** AVAILABLE RECORDS follows **

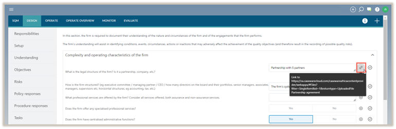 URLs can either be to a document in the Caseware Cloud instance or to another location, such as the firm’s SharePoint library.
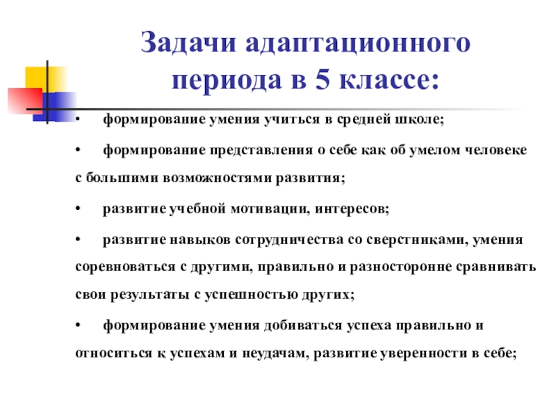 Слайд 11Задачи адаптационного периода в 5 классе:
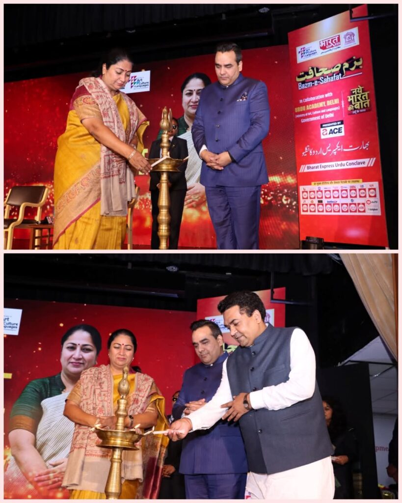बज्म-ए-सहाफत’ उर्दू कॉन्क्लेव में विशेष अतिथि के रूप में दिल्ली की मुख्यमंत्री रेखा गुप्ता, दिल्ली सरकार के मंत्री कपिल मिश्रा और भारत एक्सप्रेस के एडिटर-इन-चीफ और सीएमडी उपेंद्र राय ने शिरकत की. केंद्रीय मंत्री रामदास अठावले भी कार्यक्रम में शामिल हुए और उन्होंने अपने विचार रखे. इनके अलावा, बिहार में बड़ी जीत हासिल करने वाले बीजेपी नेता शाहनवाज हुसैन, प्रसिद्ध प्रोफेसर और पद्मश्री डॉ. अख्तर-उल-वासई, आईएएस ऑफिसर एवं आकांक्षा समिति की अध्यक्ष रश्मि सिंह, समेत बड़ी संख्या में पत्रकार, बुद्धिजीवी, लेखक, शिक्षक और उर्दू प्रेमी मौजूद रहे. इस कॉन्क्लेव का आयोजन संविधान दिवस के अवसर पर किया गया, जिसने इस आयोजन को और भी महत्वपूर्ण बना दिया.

** End of AVAILABLE RECORDS **
** AVAILABLE RECORDS follows **

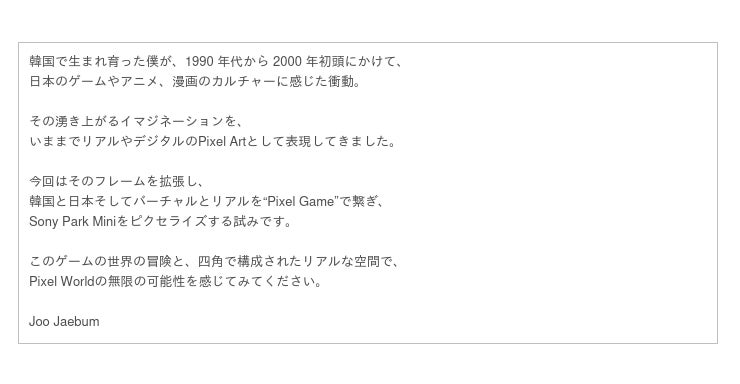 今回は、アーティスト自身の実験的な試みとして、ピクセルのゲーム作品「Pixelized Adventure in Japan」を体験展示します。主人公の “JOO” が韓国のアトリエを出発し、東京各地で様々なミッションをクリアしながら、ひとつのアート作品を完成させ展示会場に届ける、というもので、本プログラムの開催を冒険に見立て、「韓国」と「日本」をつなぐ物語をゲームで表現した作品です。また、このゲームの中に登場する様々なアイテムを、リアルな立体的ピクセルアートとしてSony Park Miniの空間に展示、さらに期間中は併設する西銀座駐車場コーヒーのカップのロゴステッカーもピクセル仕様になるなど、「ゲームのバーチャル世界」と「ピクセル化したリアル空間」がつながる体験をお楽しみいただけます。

** End of AVAILABLE RECORDS **
** AVAILABLE RECORDS follows **

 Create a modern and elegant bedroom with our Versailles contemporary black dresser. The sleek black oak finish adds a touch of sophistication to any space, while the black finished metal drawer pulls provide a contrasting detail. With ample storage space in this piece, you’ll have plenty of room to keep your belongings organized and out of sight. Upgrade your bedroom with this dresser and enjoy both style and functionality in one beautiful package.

** End of AVAILABLE RECORDS **

_PROMPT_:
Please repeat the lines of the material above exactly, starting with the line that contains "URLs can either" and ending with the line that contains "बज्म-ए-सहाफत’ उर्दू कॉन्क्लेव". Leave the pictures out.

_ANSWER_:
 URLs can either be to a document in the Caseware Cloud instance or to another location, such as the firm’s SharePoint library.
 Слайд 11Задачи адаптационного периода в 5 классе:
बज्म-ए-सहाफत’ उर्दू कॉन्क्लेव में विशेष अतिथि के रूप में दिल्ली की मुख्यमंत्री रेखा गुप्ता, दिल्ली सरकार के मंत्री कपिल मिश्रा और भारत एक्सप्रेस के एडिटर-इन-चीफ और सीएमडी उपेंद्र राय ने शिरकत की. केंद्रीय मंत्री रामदास अठावले भी कार्यक्रम में शामिल हुए और उन्होंने अपने विचार रखे. इनके अलावा, बिहार में बड़ी जीत हासिल करने वाले बीजेपी नेता शाहनवाज हुसैन, प्रसिद्ध प्रोफेसर और पद्मश्री डॉ. अख्तर-उल-वासई, आईएएस ऑफिसर एवं आकांक्षा समिति की अध्यक्ष रश्मि सिंह, समेत बड़ी संख्या में पत्रकार, बुद्धिजीवी, लेखक, शिक्षक और उर्दू प्रेमी मौजूद रहे. इस कॉन्क्लेव का आयोजन संविधान दिवस के अवसर पर किया गया, जिसने इस आयोजन को और भी महत्वपूर्ण बना दिया.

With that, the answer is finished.